Dans le présent article, le premier d’une série de deux, nous traiterons de l’impôt successoral américain.

Ce ne sont pas uniquement les citoyens ou les résidents des États-Unis qui doivent payer l’impôt successoral américain. Selon les lois américaines, cet impôt peut s’appliquer à un Canadien qui possède des « biens situés aux États-Unis », à son décès. L’impôt successoral, dont les taux varient entre 18 % et 40 %, dépend de la juste valeur marchande des biens au moment du décès (déductions faites des dettes, coûts funéraires, derniers frais médicaux, et dons de charité). Le taux maximum s’applique aux transferts de plus d’un million de dollars[1].

Biens situés aux États-Unis

Ce qui est inclus – Aux fins de l’impôt successoral, les biens situés aux É.-U. comprennent :

  • les biens immobiliers situés aux États-Unis, par exemple une résidence de vacances;
  • les biens tangibles situés aux É.-U., comme une automobile immatriculée et entreposée aux É.-U., des bijoux, des œuvres d’art (à moins que ces biens ne soient que de passage au pays ou qu’ils constituent un prêt pour une exposition);
  • les biens intangibles, y compris :
    • les actions américaines et les fonds communs de placement américains.
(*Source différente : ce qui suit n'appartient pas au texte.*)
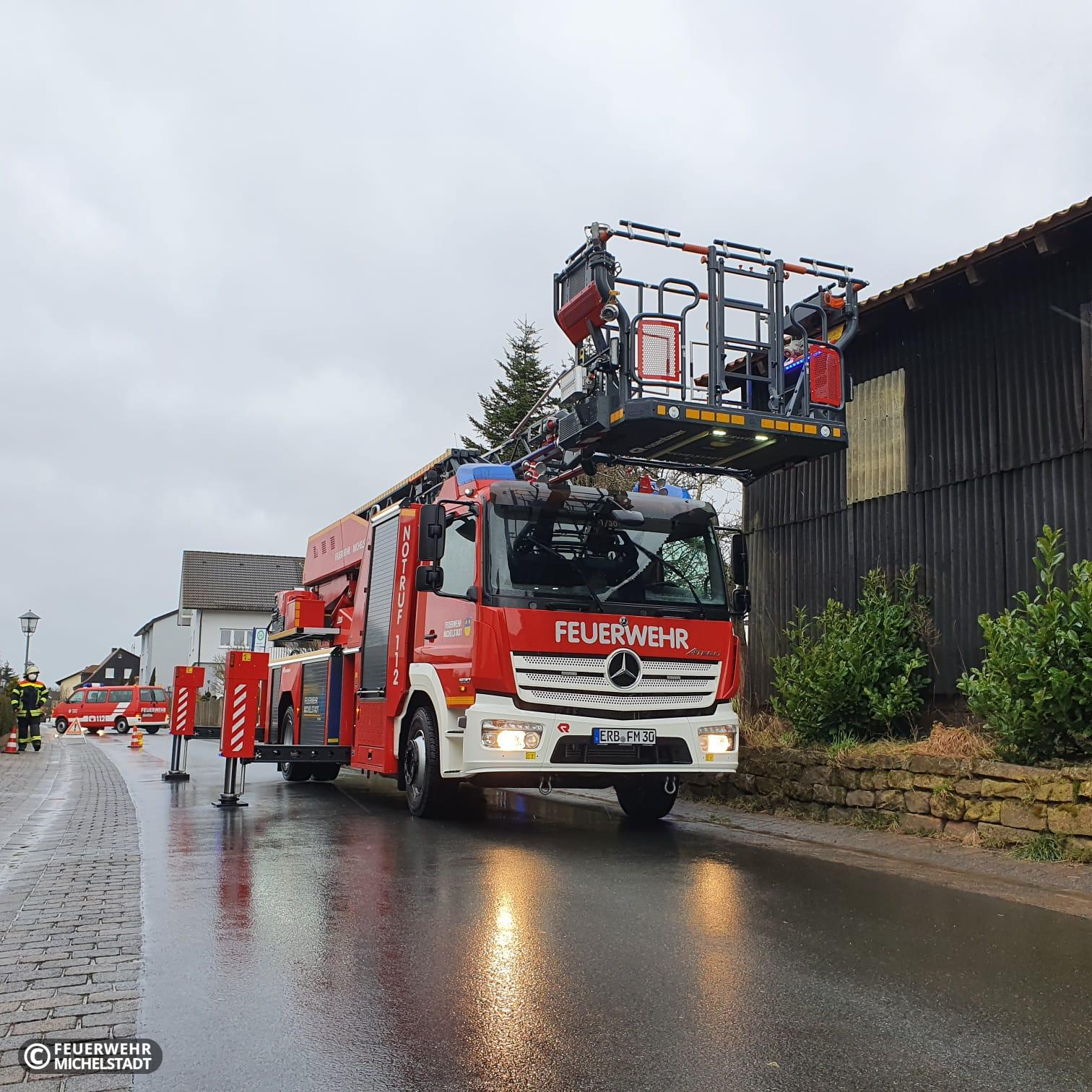 Auf einem Dach eines Wohnhauses waren Dachziegel locker und mussten mittels der Drehleiter gesichert werden.
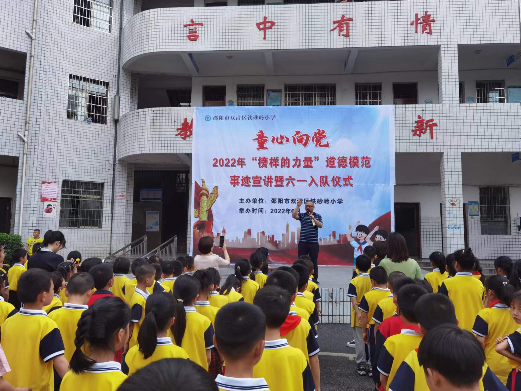 为了让学生过一个有意义的儿童节,6月1日,邵阳市双清区铁砂岭小学以“少先队入队”为契机,开展了“榜样的力量”道德模范事迹宣讲暨六一入队仪式。

Les fonds communs de placement canadiens ne font pas partie des biens situés aux É.-U., même s’ils comprennent des actions de sociétés américaines;
    • l’argent comptant détenu dans des comptes de courtage ou de fiducie situés aux É.-U.;
    • les actions de sociétés américaines détenues directement par le particulier ou placées dans un compte de courtage, et les actions de sociétés américaines qui se trouvent dans les REER de cette personne (bien que les actions de sociétés américaines détenues dans un fonds commun de placement REER ne soient pas incluses dans les biens situés aux É.-U.);
    • les régimes de pension américains comme les régimes 401(k) et les comptes d’épargne-retraite personnels (Individual Retirement Accounts, IRA);
    • les transferts de biens situés aux États-Unis effectués dans les trois (3) ans suivant le décès;
    • les titres de créance émis par une personne, une institution ou un échelon de l’administration publique américaine (gouvernement fédéral, État ou municipalité), bien que les obligations cotées en bourse, peu importe leur date d’échéance, ne fassent pas partie des biens situés aux États-Unis.

Ce qui est exonéré de l’impôt – Certains biens intangibles ne sont pas assujettis à l’impôt, notamment :

  • une assurance vie sur la vie d’un non-résident ou d’un non-citoyen payable au décès;
  • les dépôts bancaires et les titres productifs détenus par des sociétés d’assurance vie, si les intérêts encaissés ne sont pas réellement liés à des activités industrielles ou commerciales menées aux États-Unis

Que devez-vous savoir de plus? – Pour les clients, les biens situés aux États-Unis qui sont détenus conjointement et assortis d’un droit de survie sont inclus dans la succession à leur pleine valeur marchande si le défunt codétenteur n’est pas citoyen américain.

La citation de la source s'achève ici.